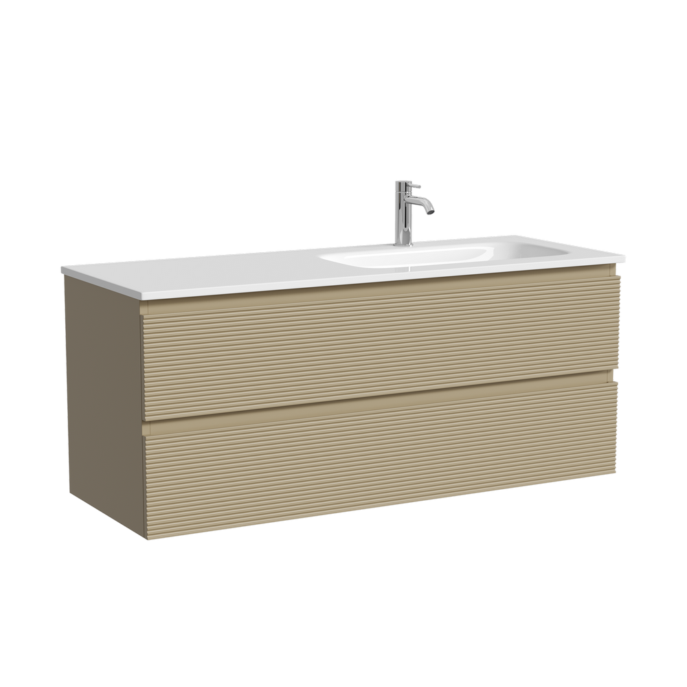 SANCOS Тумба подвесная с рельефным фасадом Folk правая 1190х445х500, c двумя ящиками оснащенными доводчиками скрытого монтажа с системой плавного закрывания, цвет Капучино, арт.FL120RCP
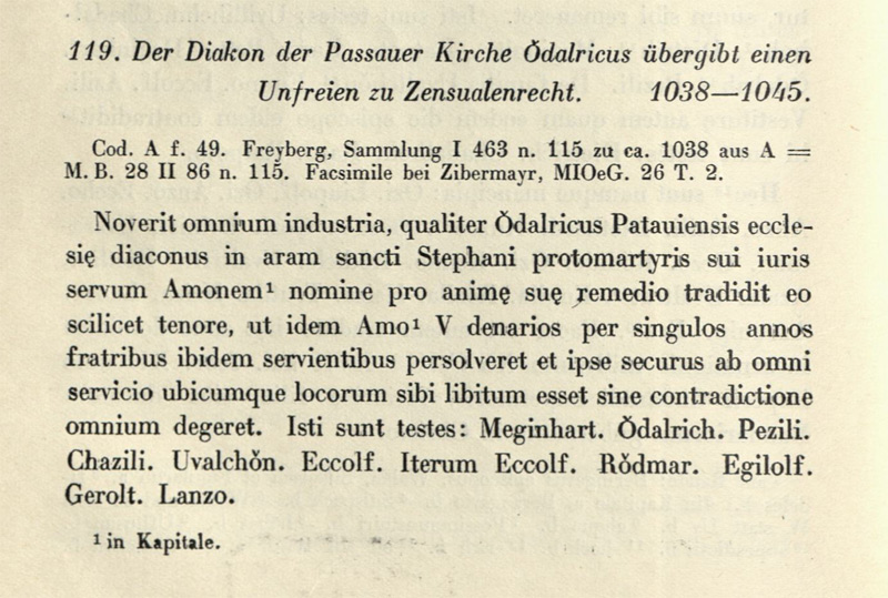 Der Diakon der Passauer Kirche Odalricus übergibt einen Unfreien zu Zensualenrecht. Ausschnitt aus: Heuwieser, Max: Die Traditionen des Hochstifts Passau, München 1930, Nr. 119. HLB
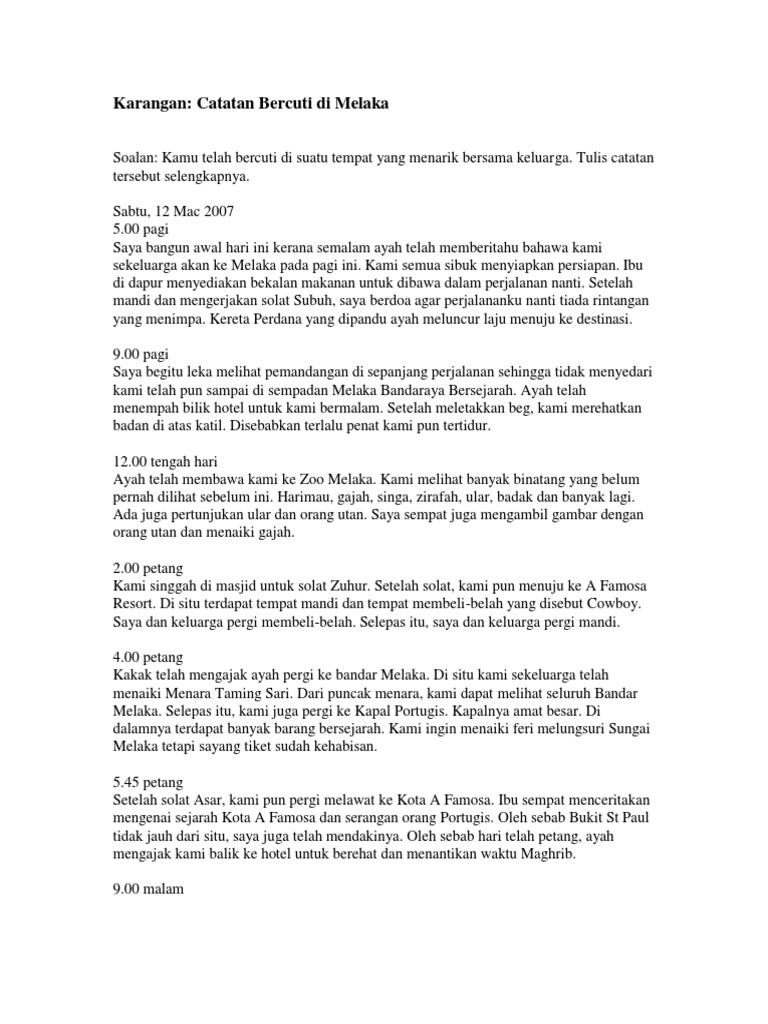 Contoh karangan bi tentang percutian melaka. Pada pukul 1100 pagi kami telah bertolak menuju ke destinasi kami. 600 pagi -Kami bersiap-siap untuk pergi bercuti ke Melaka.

_____

- AIM OF THE TASK: Could you give again precisely the lines from the one containing "Der Diakon der" through the final line of the material above, both included, and no others, dropping the pictures?

- WRITTEN RESPONSE:
 Der Diakon der Passauer Kirche Odalricus übergibt einen Unfreien zu Zensualenrecht. Ausschnitt aus: Heuwieser, Max: Die Traditionen des Hochstifts Passau, München 1930, Nr. 119. HLB
 Contoh karangan bi tentang percutian melaka. Pada pukul 1100 pagi kami telah bertolak menuju ke destinasi kami. 600 pagi -Kami bersiap-siap untuk pergi bercuti ke Melaka.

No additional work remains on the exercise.